- Exercise aim
Would you transcribe the records below from the line with "Ночная панорама Манхэттена, Нью-Йорк, США" to the line with "В преобразователе питания", ends included, exactly and with nothing more, leaving the pictures out?

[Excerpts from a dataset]
^^^^^^^^

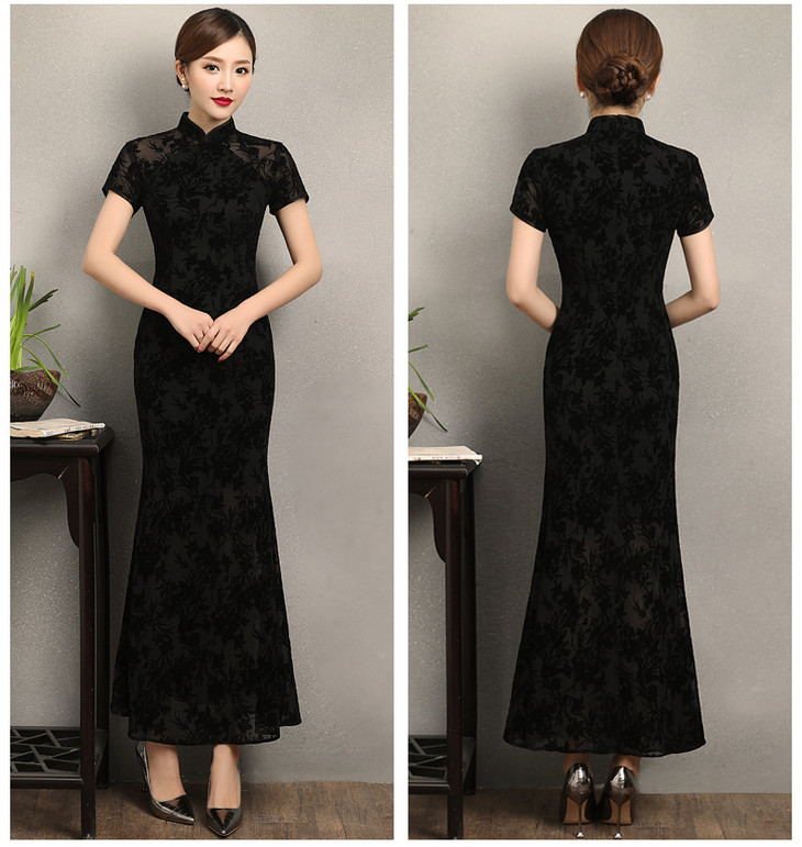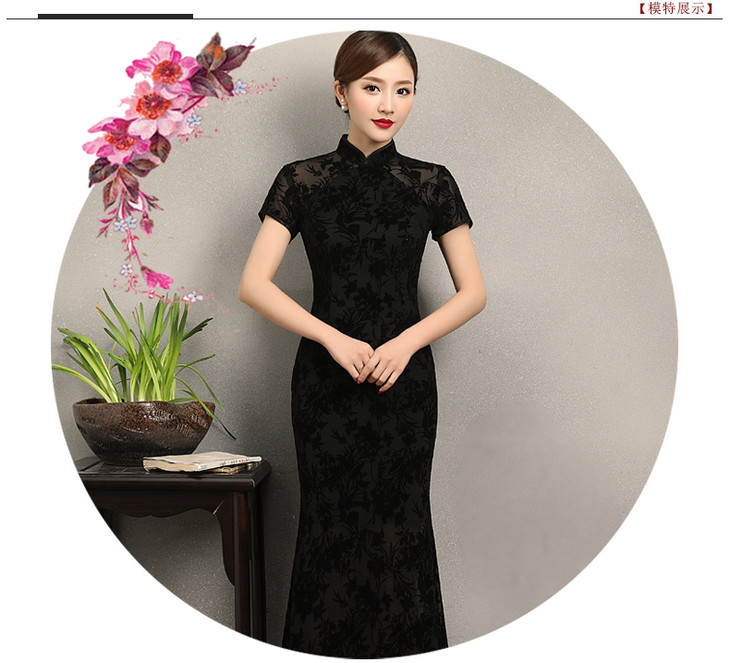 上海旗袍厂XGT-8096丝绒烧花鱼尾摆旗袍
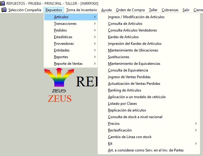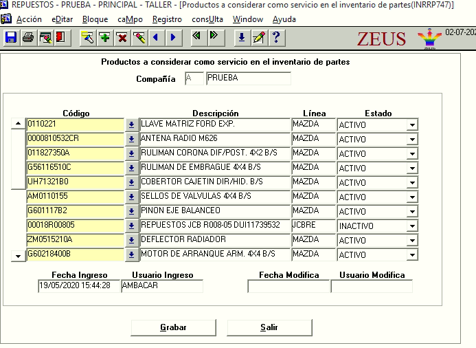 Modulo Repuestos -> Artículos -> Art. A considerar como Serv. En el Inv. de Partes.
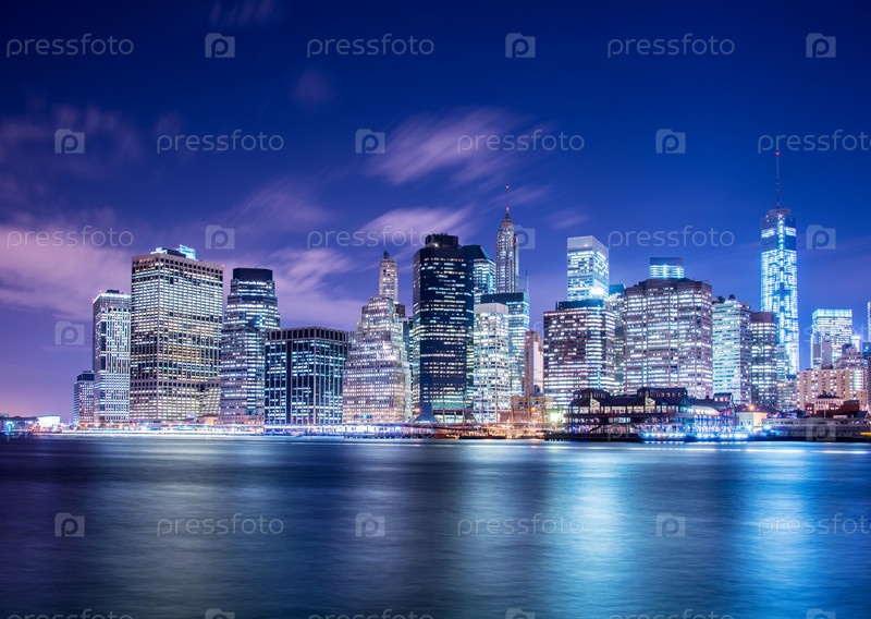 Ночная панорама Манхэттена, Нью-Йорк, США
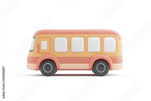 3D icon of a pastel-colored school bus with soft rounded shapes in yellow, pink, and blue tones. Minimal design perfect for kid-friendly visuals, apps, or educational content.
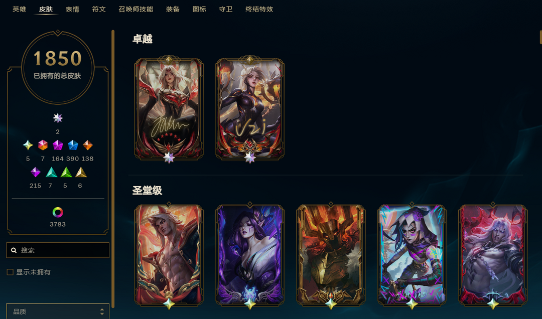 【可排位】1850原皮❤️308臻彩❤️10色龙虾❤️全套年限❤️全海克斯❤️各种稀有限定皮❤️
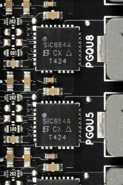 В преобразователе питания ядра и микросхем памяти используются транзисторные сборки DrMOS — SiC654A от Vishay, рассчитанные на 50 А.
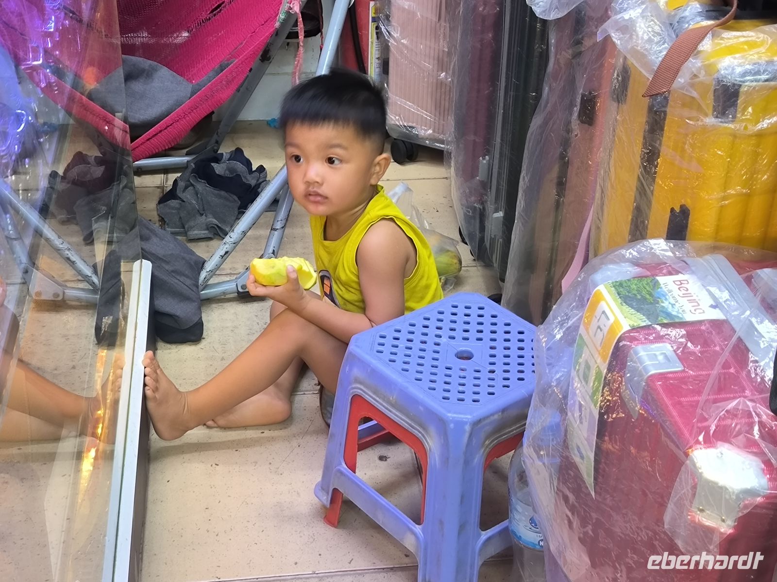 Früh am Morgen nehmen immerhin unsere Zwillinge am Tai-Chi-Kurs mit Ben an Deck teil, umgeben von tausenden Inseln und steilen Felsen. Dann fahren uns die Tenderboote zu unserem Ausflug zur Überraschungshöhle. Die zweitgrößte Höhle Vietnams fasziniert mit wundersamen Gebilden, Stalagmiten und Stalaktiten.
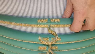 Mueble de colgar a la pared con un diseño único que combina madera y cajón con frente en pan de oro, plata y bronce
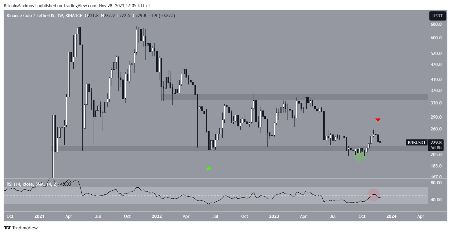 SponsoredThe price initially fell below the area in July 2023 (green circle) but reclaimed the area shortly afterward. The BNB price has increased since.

^^^^^^^^

- The completed task
 Ночная панорама Манхэттена, Нью-Йорк, США
 3D icon of a pastel-colored school bus with soft rounded shapes in yellow, pink, and blue tones. Minimal design perfect for kid-friendly visuals, apps, or educational content.
 【可排位】1850原皮❤️308臻彩❤️10色龙虾❤️全套年限❤️全海克斯❤️各种稀有限定皮❤️
 В преобразователе питания ядра и микросхем памяти используются транзисторные сборки DrMOS — SiC654A от Vishay, рассчитанные на 50 А.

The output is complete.